What happens when you have to view something that is dark, against a contrast that it officially black as well. You get my point? Let me explain. When you use a dark font for your text and set it on a darker background, the result would absolutely be blindness for the user. Never choose parallel spectrum font and contrast as it not only causes disability in reading, but also reflects your sense of poor choice to the customers.
Solution:
You can use lighter shades as contrast. I’ve seen on many top ranking websites myself. They have cleverly used lighter shades such as yellow, pale white, cloud white and even light orange as background.
A website should be as much as text centric as much as multimedia. The user simply cannot picture a product by relying on its textual description. The eye trusts the visual details of an image much more than written documentation, however, without the written details the image cannot speak as intended. Aside from UX, texts also carry a lot of importance with regards to marketing through SEO techniques.
Solution:
You need to make sure the typography, color and size is optimized so its suits the majority’s psychological appeal. Similarly, the images you use should be HD with zooming functions for ideal viewing experience.
The human eye can detect about 10 million different colors, but that doesn’t mean you can pick any color for your website and add it to your font.

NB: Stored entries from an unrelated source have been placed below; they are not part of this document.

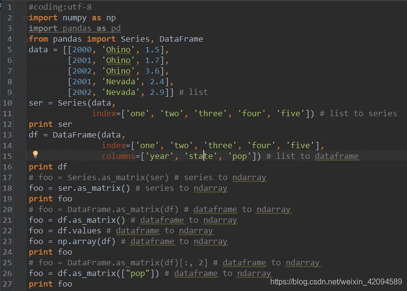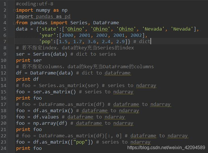 dataframe是Pandas中的数据结构,Pandas主要用于读取csv格式的文件,读取后数据文件格式为dataframe结构 - series和dataframe数据结构
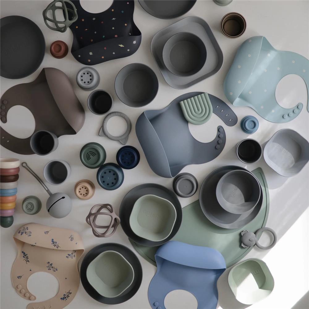 Mushie Silikon-Lätzchen, Powder Blue, mit Auffangschale, BPA-frei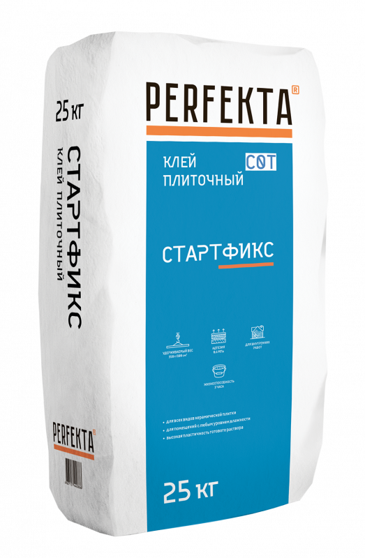 Клей плиточный Перфекта Стартфикс предназначен для укладки на пол и стены всех видов керамической плитки весом до 350 г/100 см². Для облицовки полов керамогранитом. Используется при облицовке фасадов выше цокольной части и помещений с любым уровнем влажности.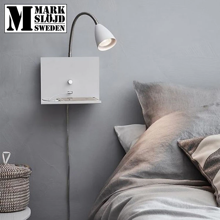 Đèn gắn tường đọc sách Logi Markslojd, màu trắng, tích hợp công tắc chỉnh sáng và cổng sạc Micro usb - hàng chính hãng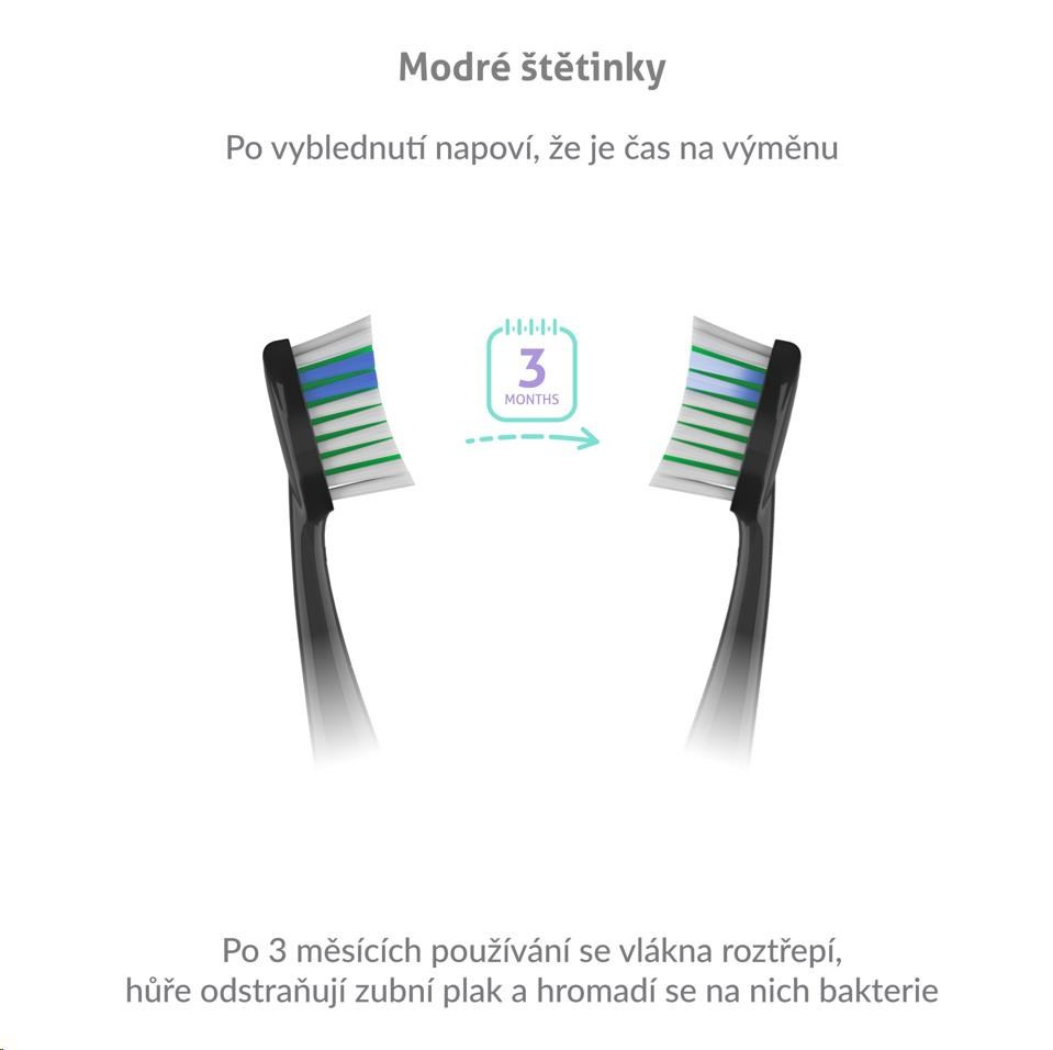 Hlavice vydržia až 3 mesiace používania, potom sa začnú tierať, strácajú účinnosť a navyše sa na nich hromadia baktérie. Našťastie sú hlavice vybavené modrými štetinkami, ktoré po 3 mesiacoch vyblednú a tak viete, že je načase hlavice vymeniť.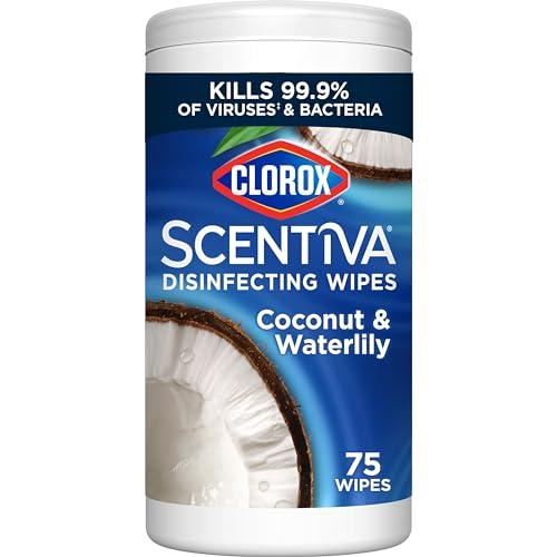 Clean and disinfect your home while enjoying the captivating, long-lasting scent of Coconut and Waterlily with these bleach-free, all-in-one cleaning wipes. Clorox Scentiva Disinfecting Wipes kill 99.9% of viruses and bacteria, including the COVID-19* Virus, in 15 seconds with the power of Clorox clean. These multi-surface cleaning wipes feature a clear-drying formula that powers through grease, soap scum and grime, so you can tackle any surface with confidence. Clorox Scentiva Disinfecting Wipes even prevent bacteria growth* for up to 24 hours. Germs and messes occur on more than kitchen counters and bathroom surfaces. Safely wipe down garbage cans, sinks, toys, remotes and appliances, or clean up car spills. Clorox Scentiva scents are well-crafted, curated, inviting blends that will elevate your cleaning experience. Do not flush. *Kills SARS-CoV-2 on hard, non-porous surfaces. Use as directed for other germs. Prevents growth of odor-causing bacteria on non-food contact surfaces.
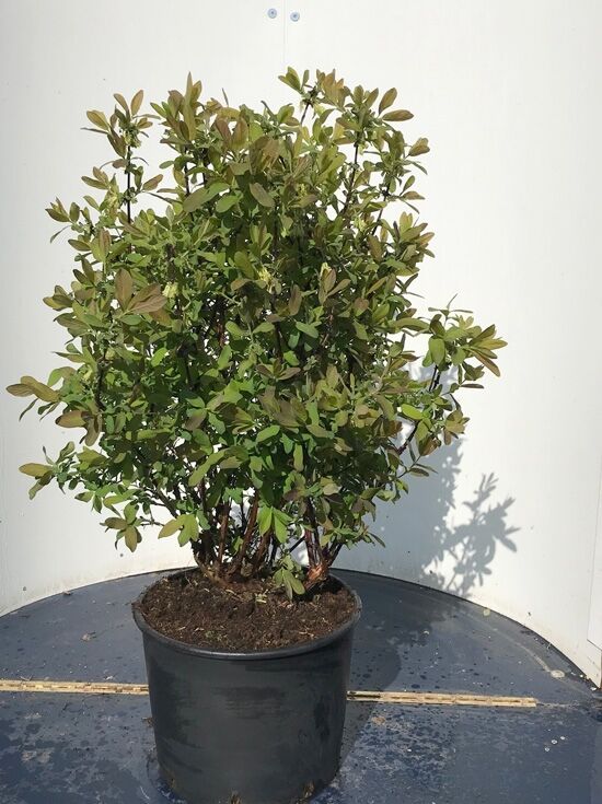 Wuchs: | Mittelgroßer Strauch, dicht, reich verzweigt, 1,2 - 1,8 m groß |

Colors ought to be chosen carefully as many colors cannot simply co-exist. You cannot spam neon green against an orange background same as dark blue cannot be distinguished against a black background.
Solution:
I don’t really know which colors are trending at the moment, but the appropriate use of green for call to actions buttons, white for negative spacing and black for most fonts is a safe practice that every website incorporates. You can give an artistic touch anytime, but by abiding with the basic rules mentioned above.
Let me explain this with an example from our daily lives. When you are on a casual day to buy some merchandise from street vendors, what draws you near the stall without looking at the merchandise? It’s the chants most vendors use to attract the buyer by incorporating points of interest. Similarly, your store will only be good enough to attract the buyer if you make correct use of “Call to Actions”.
Solutions:
“Call to Actions”, are triggers that immediately provoke their audience into executing a certain action. By using an attractive phrase or statement with a nicely fashioned button, you can make an exceptionally good call to action.
This is one of the most annoying elements to haggle with and the worst part is that it’s all over the internet as site owners are doing it indiscriminately. If your settings a touch target for the mobile user, for the Love of God please leave some space for the user to interact with it. I remember when I tried to buy baseball cap from an online store but just couldn’t help hitting the “Rating” button each time I tried my thumb to reach the “Checkout” button. This not only frustrates the user, but sends him cursing away from the website.
Solution:
Other users will not be as patient as me, so before you get trapped into your own website, ask you designer to place the button with appropriate spacing next to other touch targets on your website, or you may never get subscribers or buyers, and might not even be able to figure out the problem.
All these notorious problems are the major reason many hard worked websites get UX problems that eventually cripple website into a ghost ship floating on the internet. Only by adding a little of effort and taking some precautionary measures, you can prevent these issues from spiraling into a costly catastrophe. If you heed the solutions to each one of these problems, I assure you that not only you will successfully deliver a promising experience to your users and customers, but also raise your website in a top ranking clicker on search engines. When it comes to UX, “you’ve got to start with the customer experience and work back toward technology” – Steve Jobs.